Every year, towards the end of May, hundreds of thousands of people across the world start their virtual journey around the Global Challenge. This creates my team’s peak load on our website and has happened every year for well over a decade. Each year we spend significant resources to ensure we have a performant system when under peak load. In May 2017 we were somewhat surprised when we encountered some performance bottlenecks that we had previously not seen before.

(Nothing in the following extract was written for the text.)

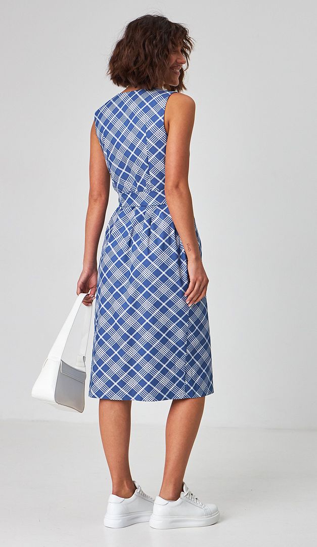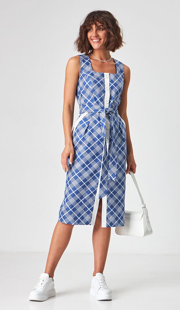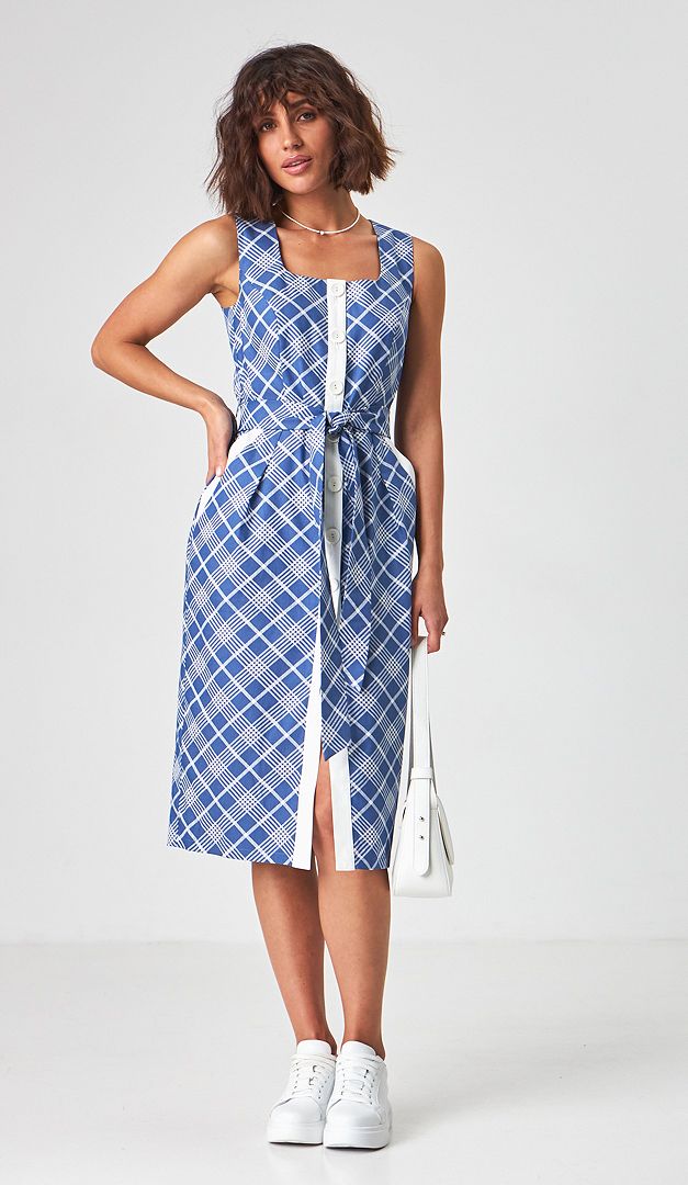 Чарівний літній сарафан джинсовий в клітинку зробить ваш образ ніжним і чуттєвим! Літній сарафан має оригінальний крій — з ефектно прилеглим верхом і злегка об'ємною спідничною частиною за рахунок великих складок. Квадратний виріз горловини і широкі бретелі сприяють зручній фіксації по фігурі. Для контрастності центральна застібка, а також функціональні бічні кишені оформлені планкою білого кольору. Щоб талія візуально здавалася більш витонченою, в комплекті з літнім сарафаном йде знімний пояс з аналогічної тканини. Виріб без підкладки.

Application insights, our Application Performance Management service, identified two queries were utilising 100% CPU of our Azure SQL database. This was surprising as our Azure SQL database was part of the premium service tier. Even more surprising was that when you copied the SQL that was being executed, via Dapper, into Sql Server Management Studio (SSMS):
- the query executed successfully in under two seconds
- after turning on execution plan no recommendations of missing indexes were suggested Despite this our Database CPU was running at 100% usage and users were starting to be unable to use the web site.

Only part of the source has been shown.